▶ **ABOUT THIS EXERCISE**:
The output should contain the listing word for word and no pictures.

▶ **GIVEN MATERIAL**:
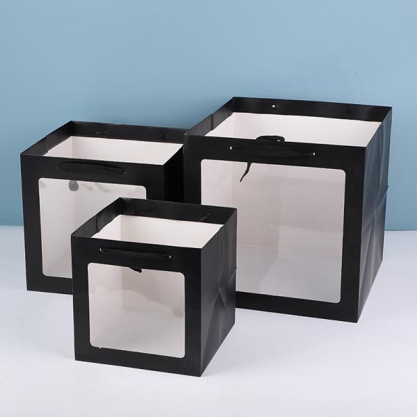 Elegant Black Gift Bags With Clear Window Premium Kraft Paper Hand Carry Bags For Luxury Packaging Images |
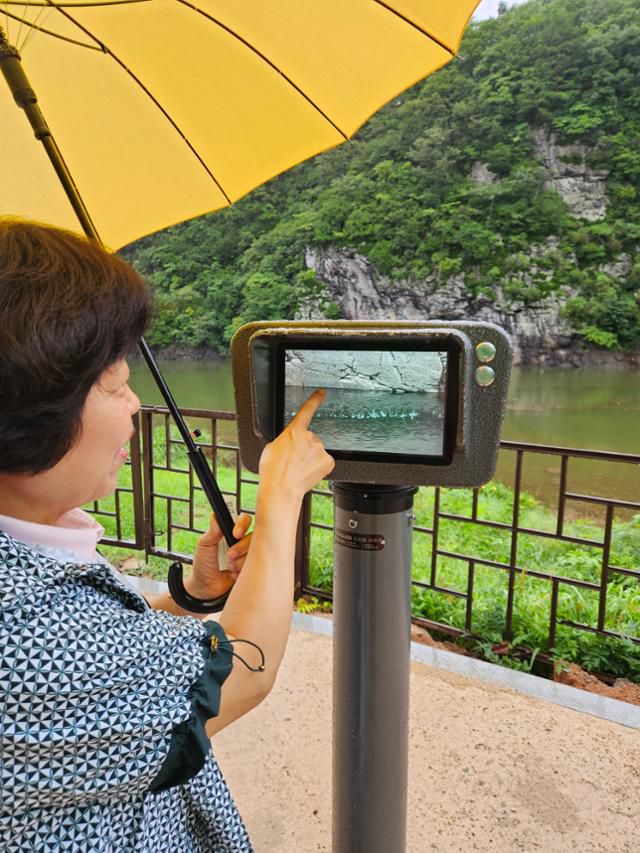 지난 12일 울산 울주군 언양읍 대곡리 반구대 전망대에서 정윤점 문화관광해설사가 디지털 망원경으로 암각화 중 침수되지 않은 부분을 찾고 있다. 울산=박은경 기자
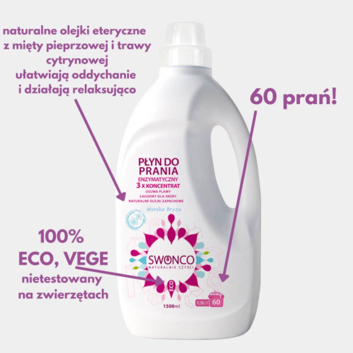 Płyn do Prania 3 x Koncentrat Morska Bryza Ekologiczny 1500 ml SWONCO
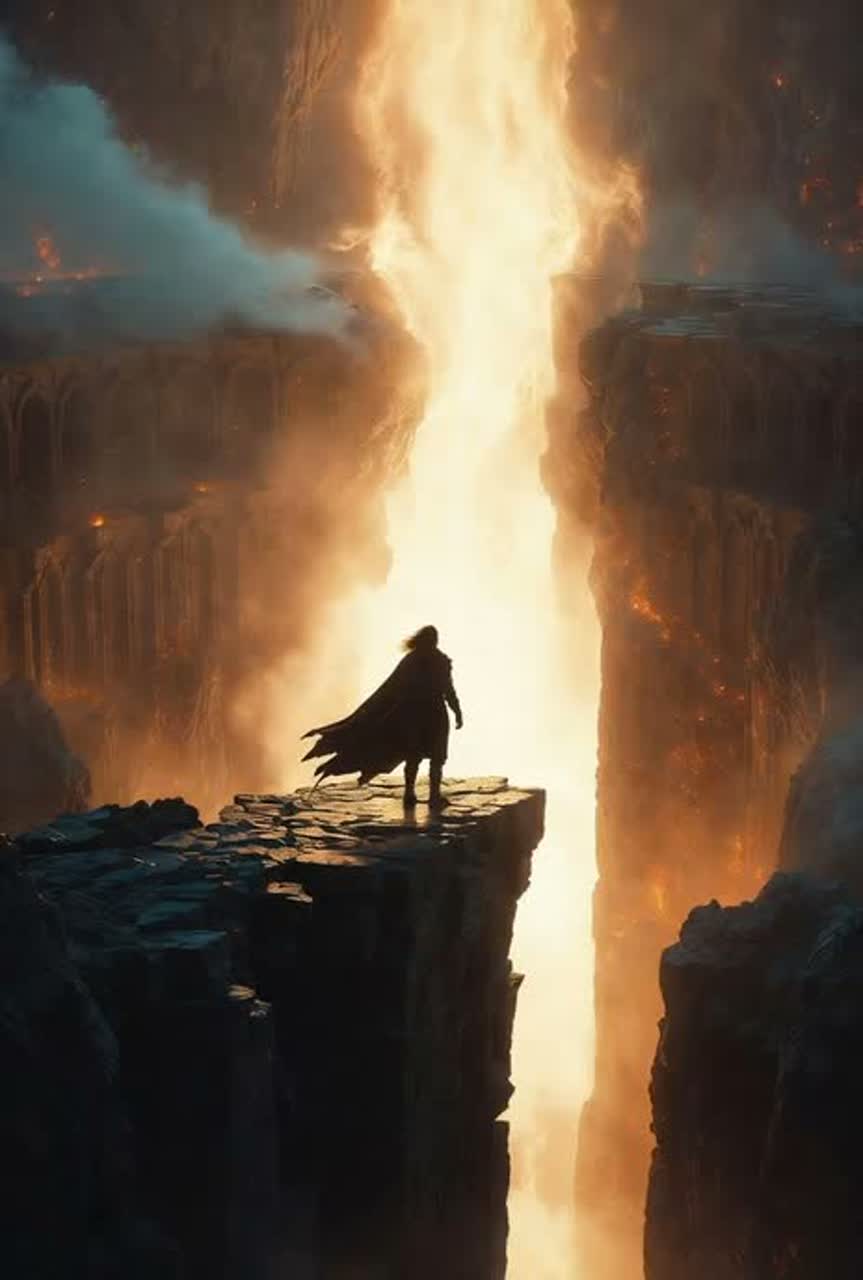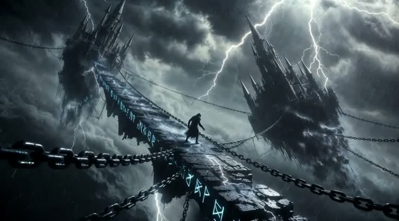 Heavy cinematic metal-EDM-classical fusion, aggressive palm-muted guitars and shredding leads dominate with deep sub-bass EDM drops and glitch percussion, layered with epic orchestral strings, brass swells, and distant choirs, male gritty vocals with occasional harmonized growls, building tension and drama, tempo 95-105 BPM, thunder cracks, chain clanks, wind howls integrated as sound design, sense of vertigo, ancient menace, and escalating awe, echo female, lush harmonies

▶ **SOLVED PROBLEM**:
 Elegant Black Gift Bags With Clear Window Premium Kraft Paper Hand Carry Bags For Luxury Packaging Images |
 지난 12일 울산 울주군 언양읍 대곡리 반구대 전망대에서 정윤점 문화관광해설사가 디지털 망원경으로 암각화 중 침수되지 않은 부분을 찾고 있다. 울산=박은경 기자
 Płyn do Prania 3 x Koncentrat Morska Bryza Ekologiczny 1500 ml SWONCO
 Heavy cinematic metal-EDM-classical fusion, aggressive palm-muted guitars and shredding leads dominate with deep sub-bass EDM drops and glitch percussion, layered with epic orchestral strings, brass swells, and distant choirs, male gritty vocals with occasional harmonized growls, building tension and drama, tempo 95-105 BPM, thunder cracks, chain clanks, wind howls integrated as sound design, sense of vertigo, ancient menace, and escalating awe, echo female, lush harmonies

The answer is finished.